**What to produce:** Everything from the line containing "Ces maisons sont" through the final line below must be output exactly, both ends included, with nothing else and no pictures.

**Given information:**
┏━━

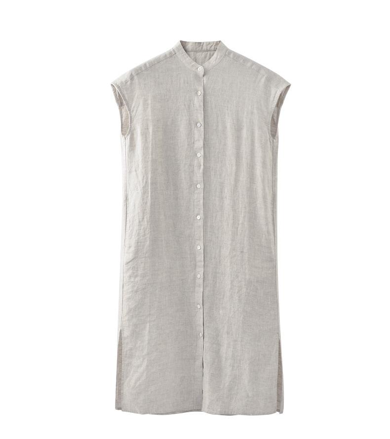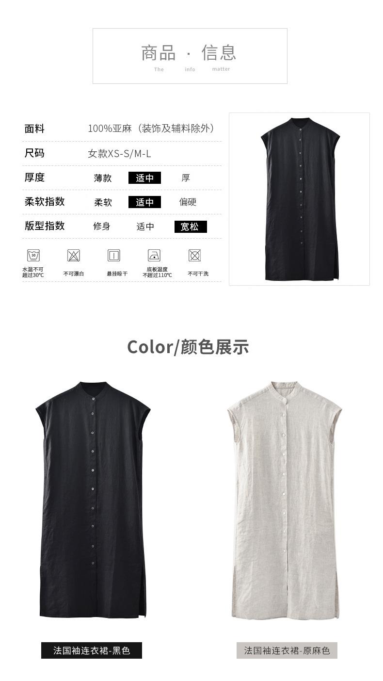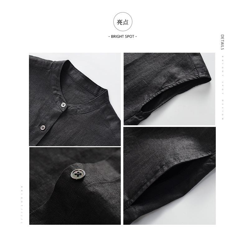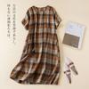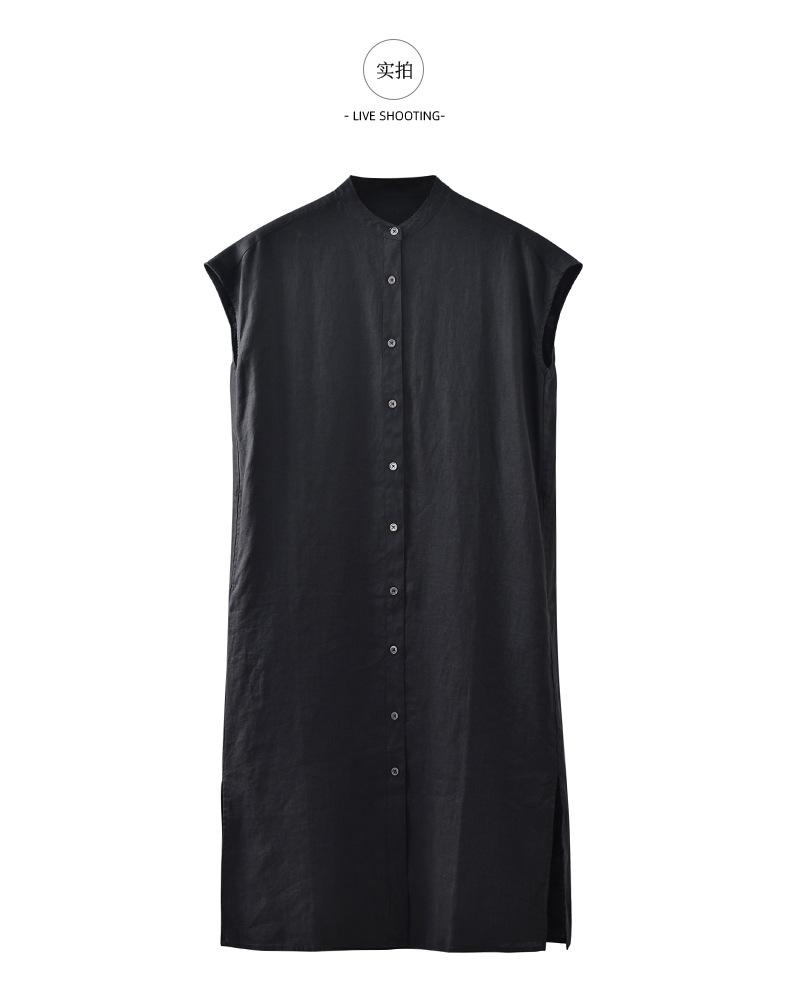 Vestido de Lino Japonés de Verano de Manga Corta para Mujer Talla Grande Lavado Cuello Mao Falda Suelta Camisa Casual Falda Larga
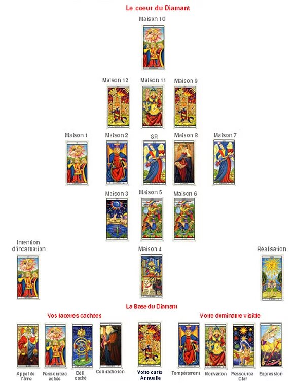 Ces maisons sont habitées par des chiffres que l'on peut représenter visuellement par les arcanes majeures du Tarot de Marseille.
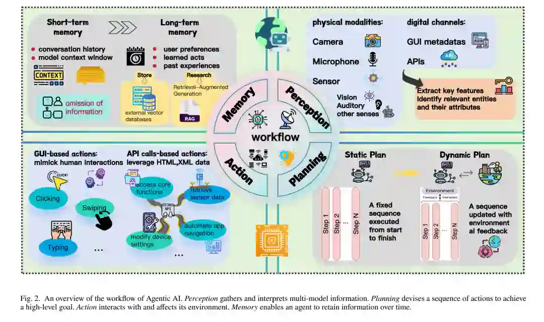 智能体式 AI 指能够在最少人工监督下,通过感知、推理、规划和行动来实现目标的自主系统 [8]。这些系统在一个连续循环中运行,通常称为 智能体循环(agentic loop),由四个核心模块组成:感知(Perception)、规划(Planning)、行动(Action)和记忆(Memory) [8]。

┗━━

**Output of the task:**
 Ces maisons sont habitées par des chiffres que l'on peut représenter visuellement par les arcanes majeures du Tarot de Marseille.
 智能体式 AI 指能够在最少人工监督下,通过感知、推理、规划和行动来实现目标的自主系统 [8]。这些系统在一个连续循环中运行,通常称为 智能体循环(agentic loop),由四个核心模块组成:感知(Perception)、规划(Planning)、行动(Action)和记忆(Memory) [8]。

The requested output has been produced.